■ Your task ■
I'd like every entry transcribed word for word, with no pictures.
[Data]
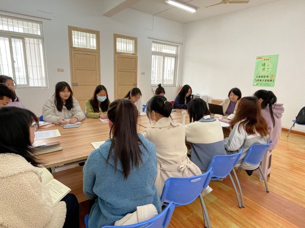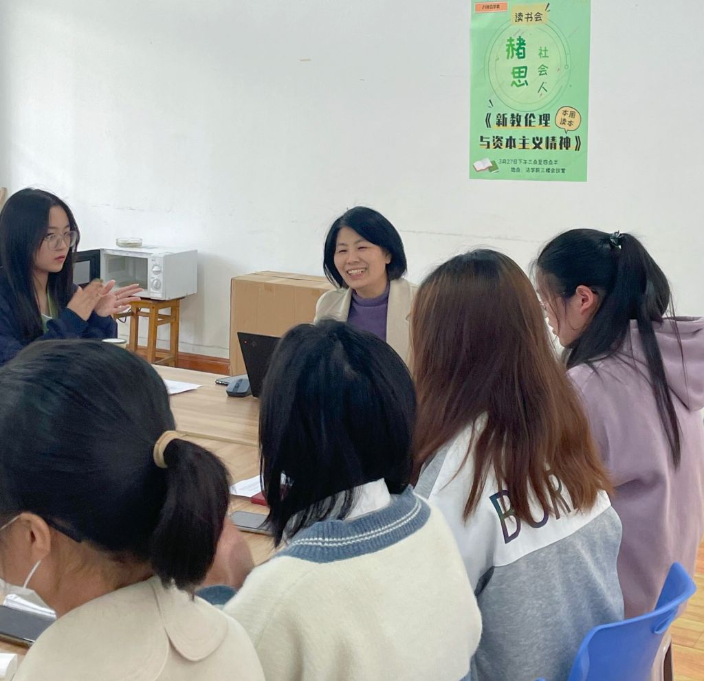 本网讯(36365线路检测中心 汪兆舸)36365线路检测中心始终坚持育人为本的教育理念,把教育教学、科学研究和思想引领融会贯通,将三全育人落到实处。3月27日,2021级社会学类“赭思社会人”新学期第一期读书会拉开帷幕。本次读书会特别邀请仇凤仙老师主持,指导第一小组同学阅读推荐书目《新教伦理与资本主义精神》。
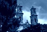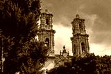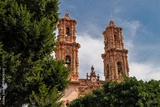 Ornate twin bell towers of Santa Prisca church with baroque carvings and statues partially obscured by green trees under clear sky
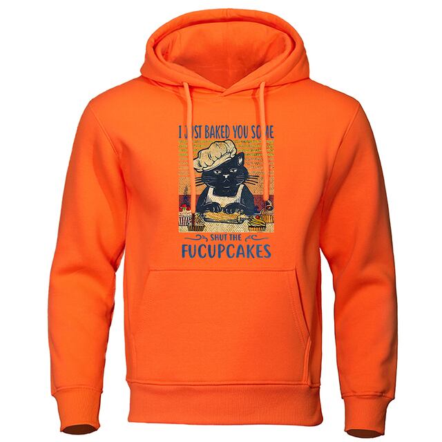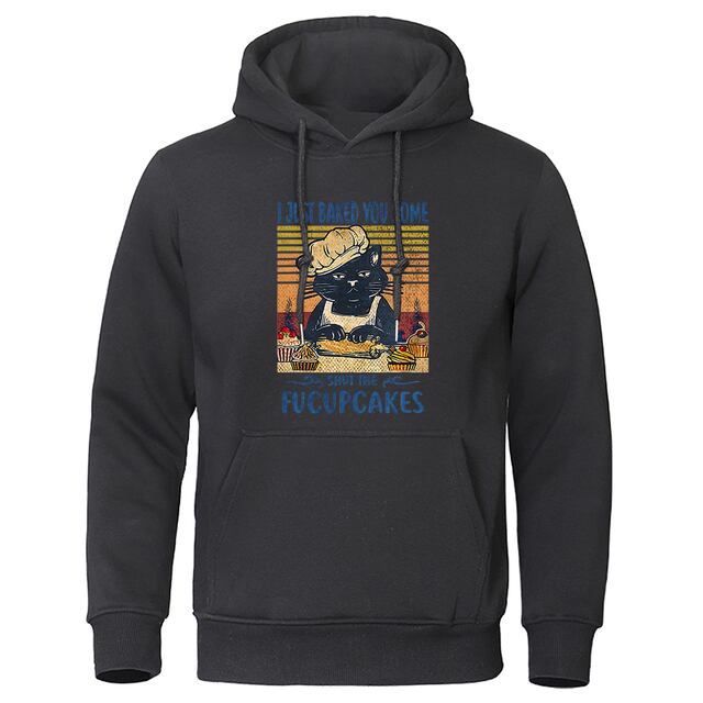 男性の大きなサイズの猫のプリントパーカー、私はあなたのケーキを焼きただけを作りました、秋のカジュアルなストリートウェア、高品質のファッション
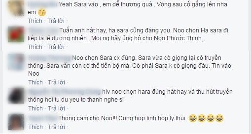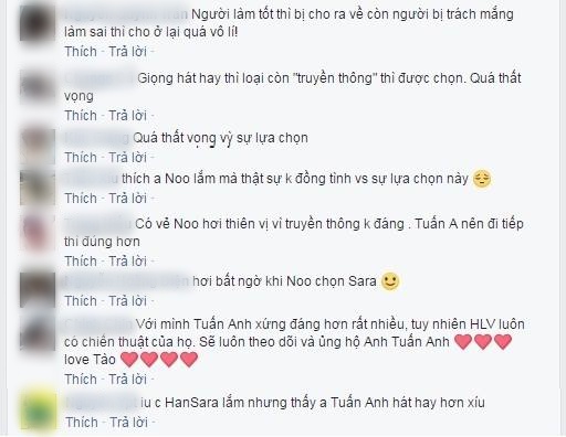 Tưởng chừng HLV Noo Phước Thịnh sẽ quyết định đưa Tuấn Anh đi tiếp vào vòng trong thì nam ca sĩ lại bất ngờ lựa chọn Han Sara tiếp tục đồng hành. Giải thích về sự lựa chọn gây sốc của mình, nam ca sĩ chia sẻ muốn cho Han Sara cơ hội để thử thách bản thân vì cô bé vừa có khả năng về giọng hát, vừa thu hút truyền thông.
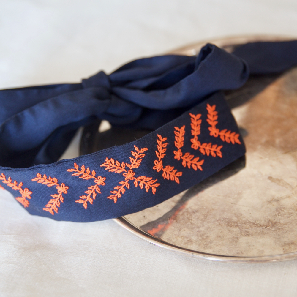 Un bandeau brodé avec l’un des motifs de la planche Hortus
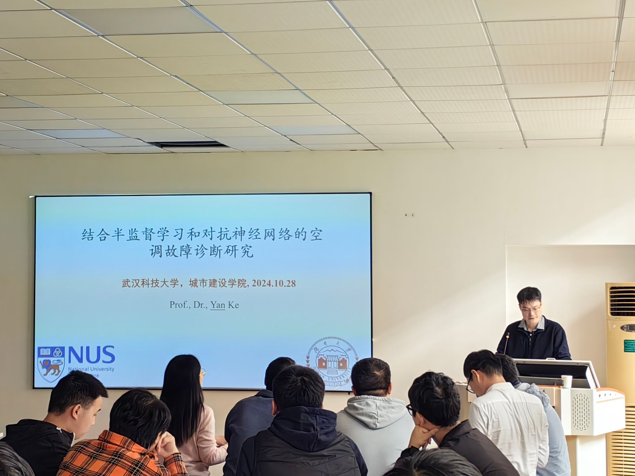 武科大网讯(通讯员陈进)为拓宽学术视野、激发创新思维,10月28日下午,湖南大学博士生导师严珂教授应邀于黄家湖校区教五楼51208会议室为公司师生作题为“结合半监督学习和对抗神经网络的空调故障诊断研究”的学术报告。英国365集团网站李冠男老师主持学术报告会,百余名师生参加。
[/Data]
■ Expected answer ■
 本网讯(36365线路检测中心 汪兆舸)36365线路检测中心始终坚持育人为本的教育理念,把教育教学、科学研究和思想引领融会贯通,将三全育人落到实处。3月27日,2021级社会学类“赭思社会人”新学期第一期读书会拉开帷幕。本次读书会特别邀请仇凤仙老师主持,指导第一小组同学阅读推荐书目《新教伦理与资本主义精神》。
 Ornate twin bell towers of Santa Prisca church with baroque carvings and statues partially obscured by green trees under clear sky
 男性の大きなサイズの猫のプリントパーカー、私はあなたのケーキを焼きただけを作りました、秋のカジュアルなストリートウェア、高品質のファッション
 Tưởng chừng HLV Noo Phước Thịnh sẽ quyết định đưa Tuấn Anh đi tiếp vào vòng trong thì nam ca sĩ lại bất ngờ lựa chọn Han Sara tiếp tục đồng hành. Giải thích về sự lựa chọn gây sốc của mình, nam ca sĩ chia sẻ muốn cho Han Sara cơ hội để thử thách bản thân vì cô bé vừa có khả năng về giọng hát, vừa thu hút truyền thông.
 Un bandeau brodé avec l’un des motifs de la planche Hortus
 武科大网讯(通讯员陈进)为拓宽学术视野、激发创新思维,10月28日下午,湖南大学博士生导师严珂教授应邀于黄家湖校区教五楼51208会议室为公司师生作题为“结合半监督学习和对抗神经网络的空调故障诊断研究”的学术报告。英国365集团网站李冠男老师主持学术报告会,百余名师生参加。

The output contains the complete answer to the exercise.